Estava bem chata aquela viagem em pé ouvindo gracinhas, mas nada que não desse pra suportar com boa vontade e compreensão. Mas o "caldo começou a engrossar" quando começaram a puxar a linha do "sinal" de brincadeira e o ônibus começou a parar para ninguém descer. O cobrador ficou cobrando explicações da turma do fundão. Como resposta ouvi: "Aí fulano, para de puxar a parada, senão vai tomar um 12, vamo respeitar o trabalho do cara". Até então só ouvi comentários soltos de pessoas insatisfeitas com a algazarra, mas nada dirigido diretamente à turma. Eis então que um valentão sai estrategicamente do fundo do ônibus, fica DO MEU LADO e grita: "Ô motorista, para o ônibus no posto da polícia que tem ali na frente e manda prender a galera do fundo!". Eu pensei: "Bosta, porque o cara vem falar isso do meu lado, daqui a pouco sobra pra mim de graça, logo pra mim, que não tô nem aí." Não, o ônibus não parou, a turma parou de puxar a linha, mas continuou falando besteira; o valentão ficou quieto e não deu em nada.

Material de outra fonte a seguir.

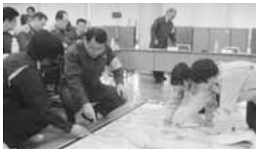
防災リーダー育成のために行われる災害図上訓練のイメージ

営訓練は、市内37の自主防災会からおおむね3名、計100名程度を対象として実施する。地域の中心となり、住民の防災意識向上を推し進める人材を育成するため、次年度以降も受講対象者を入れかえ、継続して実施する予定である。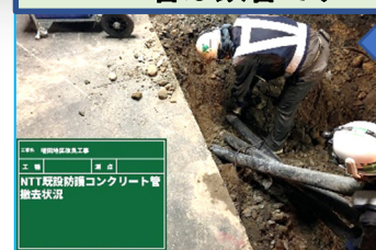
工名 増田地区改良工事 工種 構造物撤去工 期 成 NTT 既設防凍コンクリート管 撤去状況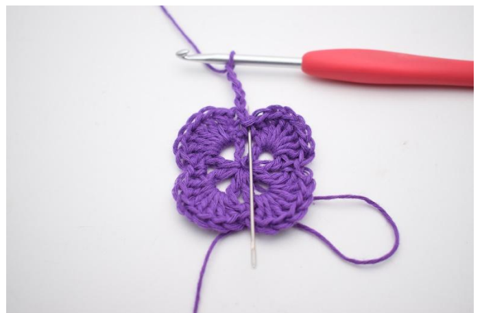
2. I fm ved siden av hekles 1 stv.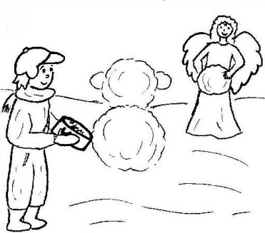
Pan kaplan s andělem staví pana faráře.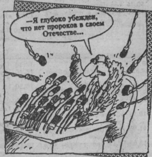
Рис В. Шилова.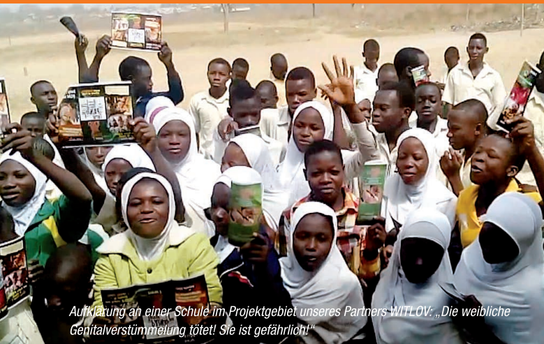
Aufklärung an einer Schule im Projektgebiet unseres Partners WITLOV: „Die weibliche Genitalverstümmelung tötet! Sie ist gefährlich!“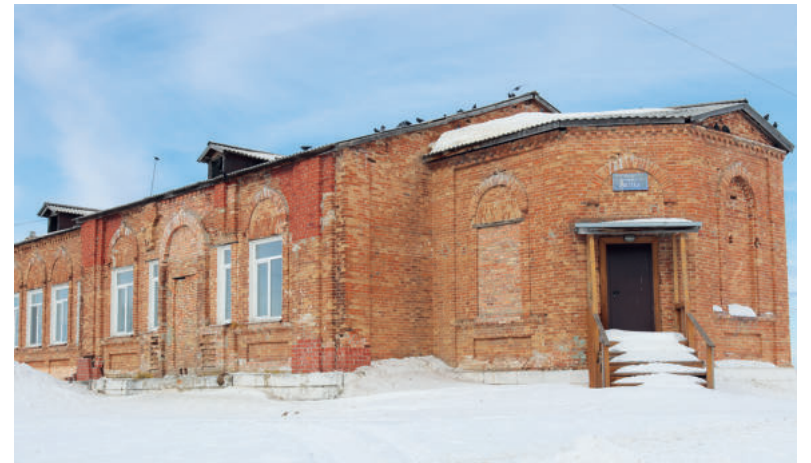
Здание Большекочевской школы изначально строилось как церковь. Строили ее всем миром, но не успела церковь открыть свои двери. После революции здание было отдано под школу.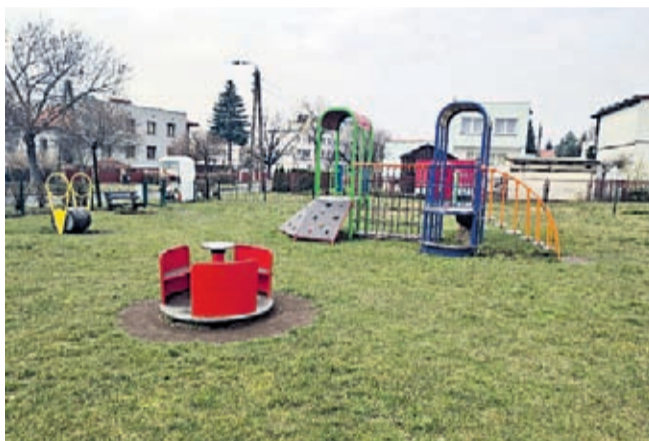
Odnowiony w zeszłym roku plac zabaw przy ul. Słonecznej w Środzie Śl.

W tym roku planowane są jeszcze przetargi na doposażenie nowego placu zabaw w Brodnie oraz zamontowanie nowego zestawu zabawowego przy ul. Spacerowej w Ciechowiu.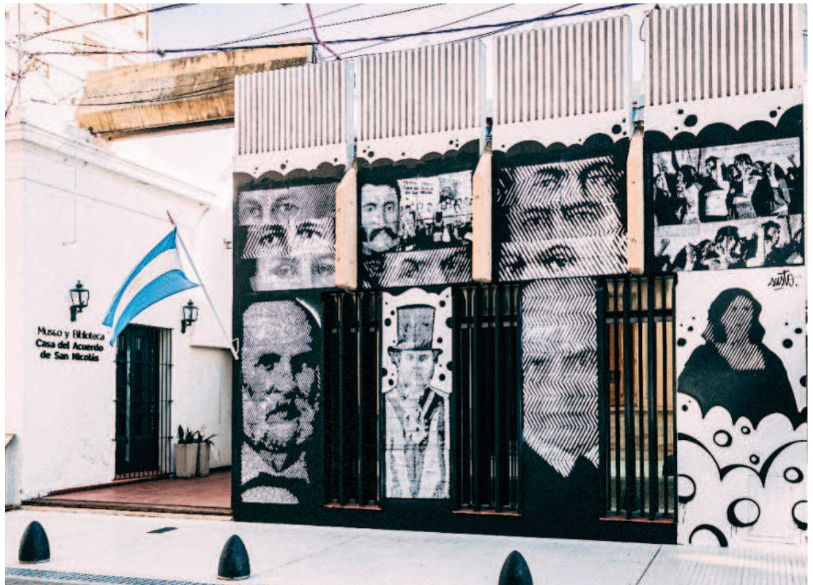
Para el ciclo fueron convocadas las realizaciones audiovisuales locales más destacadas de los últimos años.

El ciclo de cine nicoleño, que es organizado conjuntamente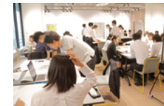
インターンシップの受け入れ

インターンシップを通じた就業体験や学生同士の交流は、学生に、能力向上だけでなく、自分自身の将来について真摯に考える機会を提供することでもあると考えています。また、当社での就業を事前に経験してもらうことで、当社はもとより、不動産業界全体での入社後のミスマッチを減らすことも目的としています。当社は、こうした取り組みが早期離職を未然に防ぎ、若年就業者の育成と定着につながるものと考えています。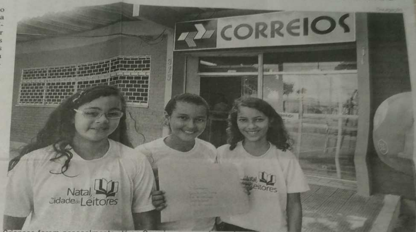
Crianças foram pessoalmente até os Correios para poder enviar a carta endereçada a presidente Dilma Rousseff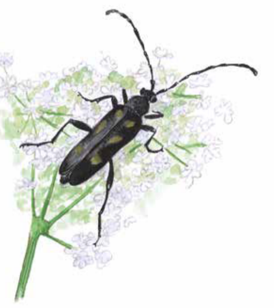
Sextvågnig hornbocka bockens larver lever i död ekved. Anoplodera sexguttata Six spotted longhorn beetle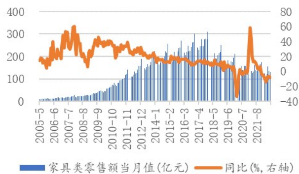
图 2：我国家具类零售额及同比增速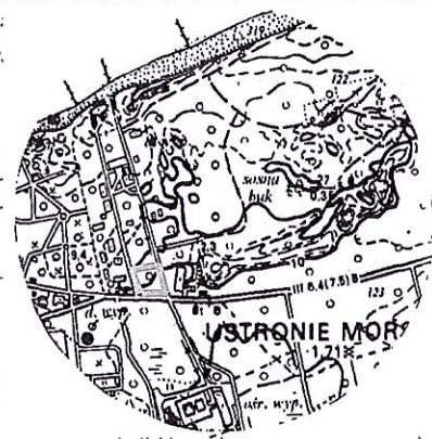
Wykaz zmian gruntowych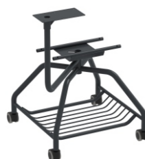
GRAFITO RAL 7021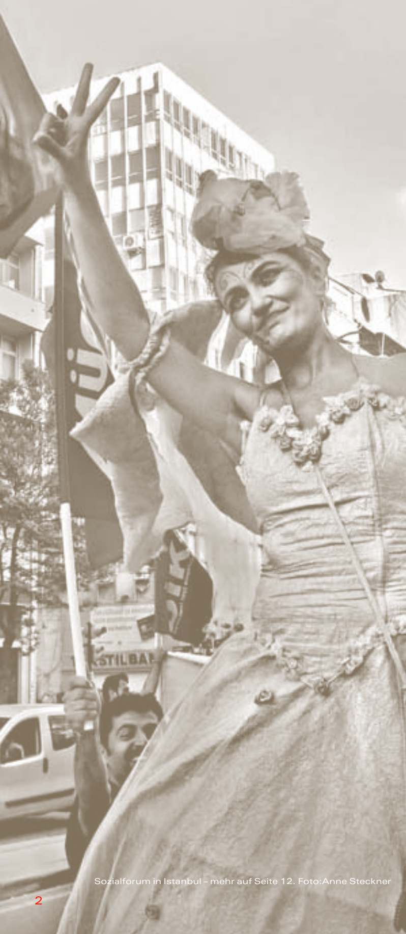
Sozialforum in Istanbul – mehr auf Seite 12.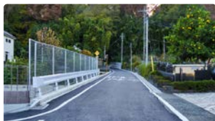
拡幅工事を実施した道路

良好な住環境を整備するため、中津地区にある六倉坂の道幅が狭い区間の道路拡幅工事を行いました。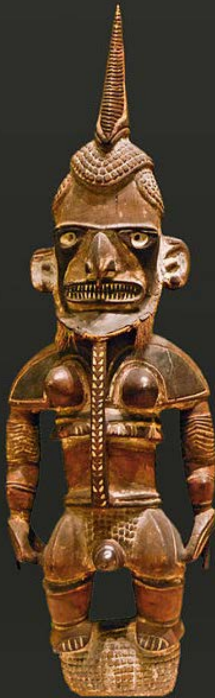
Mélanésie, Papouasie Nouvelle-Guinée, XIXe siècle, Statue 'uli' , vers 1880, bois et pigments, Berlin, musée de Dahlem.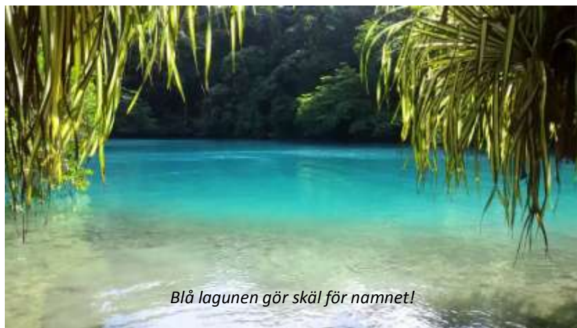
Blå lagunen gör skäl för namnet!

Resan fortsätter österut mot Port Antonio i nordost. På vägen stannar vi vid en plantage, där vi kan ta en färskpressad juice på någon tropisk frukt i säsong medan vi beundrar kolibriernas aktivitet när de suger nektar från de många blommorna. Port Antonio grundades redan 1723 och är en av Jamaicas största sevärdheter, både för sin historia och sina spektakulära omgivningar, men också på grund av sin avslappnade atmosfär. Stadens storhetstid började på 1880-talet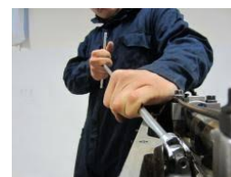
Op. alla rip. dei veicoli a motore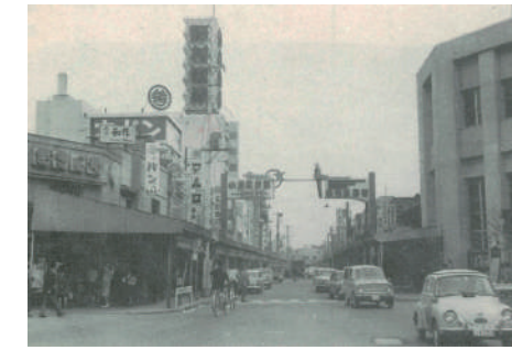
昭和40年ごろフラワーロード商店街入り口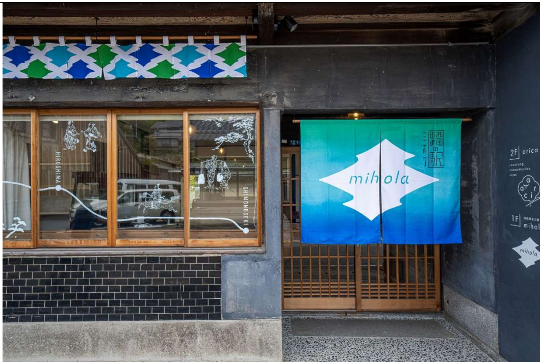
メインエントランス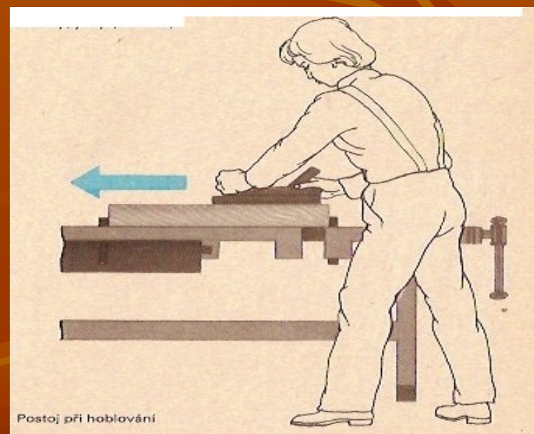
Postoj při hoblování

správné držení těla, hoblujeme celou horní polovinou těla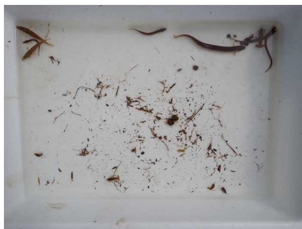
写真5 出川下流の生き物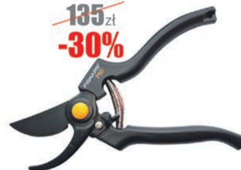
Sekator profesjonalny 230mm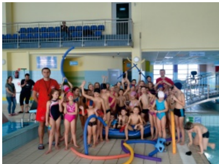
Jak co roku moc atrakcji przygotowała pływalnia OLIMPIC.

Nie możemy zapomnieć również o ciekawym wydarzeniu jakim było zorganizowanie dla naszych milusińskich balu karnawałowego w świetlicy w Chełmcach. Dzieci przygotowały się do tej imprezy już odpowiednio wcześniej, wykonując w świetlicach maski karnawałowe, które podczas balu tajemniczo skrywały twarze. Zabawa karnawałowa była świetną, wesołą rozrywką przy dźwiękach muzyki tanecznej, a wystrój sali dodatkowo pogłębiał karnawałowy klimat. Były szalone konkursy z upominkami oraz słodki poczęstunek – karnawałowe różę wypiekane pod czujnym okiem pań z Koła Gospodyń Wiejskich w Chełmcach. Po balu dzieciaki pełne dobrych humorów udały się do domów zabierając ze sobą wesołe buźki, pięknie wymalowane w bajeczne postacie.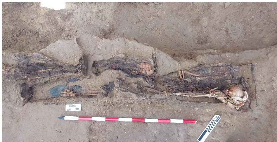
Disposición de tres enterramientos infantiles en ataúd en la Fosa.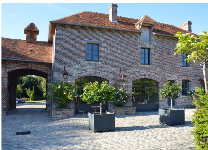
Une salle de présentation pour 25 personnes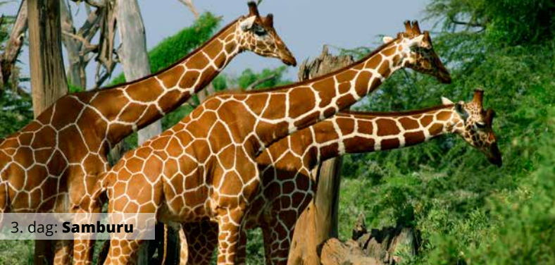
3. dag: Samburu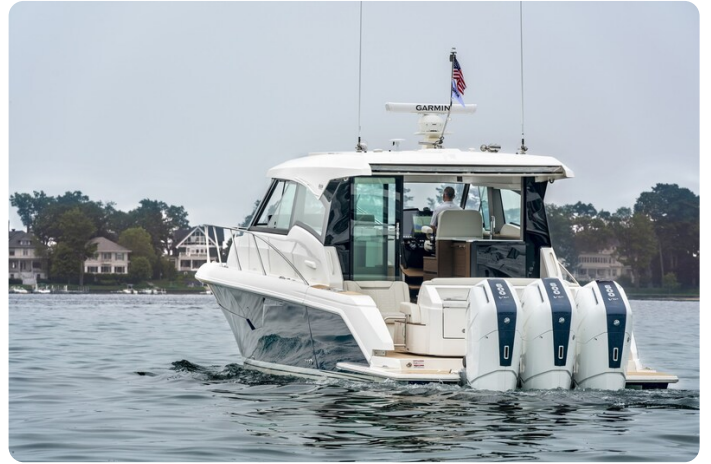
Tiara 48LE aft view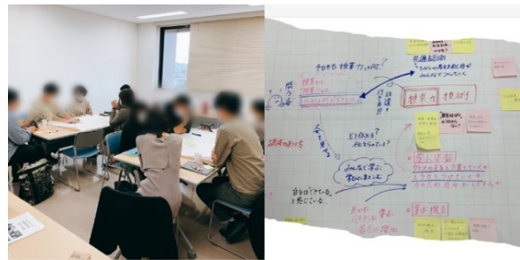
「ことばの教室づくりのための小さな勉強会」の様子

Que fezes, hein! Eu não falei nada digno até agora, né? Mas espere, vou chegar lá (acredito e espero).

Eu comecei a pensar durante a viagem, que por sinal é bem longa e permite fazer muitas filosofalavagens. Por que alguém clamou pela polícia? Não querendo ser o advogado do diabo, mas o que aqueles jovens fizeram de errado, além de serem mal-educados? O quê? Nem funk ouviam (hehehe). Só falavam besteiras, futilidades. Não ameaçaram ninguém, só falavam alto e coisas que assustam as pessoas comuns. Eles mesmos se policiaram a parar de puxar a cordinha se ameaçando mutuamente de dar 12, e resolveu! Para quê chamar a polícia? Para pegar os jovens pelas orelhas e descer a porrada? Era isso que o povão imaginava e talvez quisesse. Mas te pergunto: o que ia resolver em larga escala? Ah, a viagem ia seguir naquele silêncio habitual dos ônibus e que todos adoram. Mas o que ia mudar para a sociedade? N-A-D-A. Aqueles jovens não seriam educados com uma sessão de porrada da polícia. A polícia seria chamada para conter a falta de educação deles, para manter a ordem, talvez até os enquadrasse em algum artigo por pertubação da ordem pública (não sei se existe um artigo próprio disso, afinal, ainda estou aprendendo direito penal...).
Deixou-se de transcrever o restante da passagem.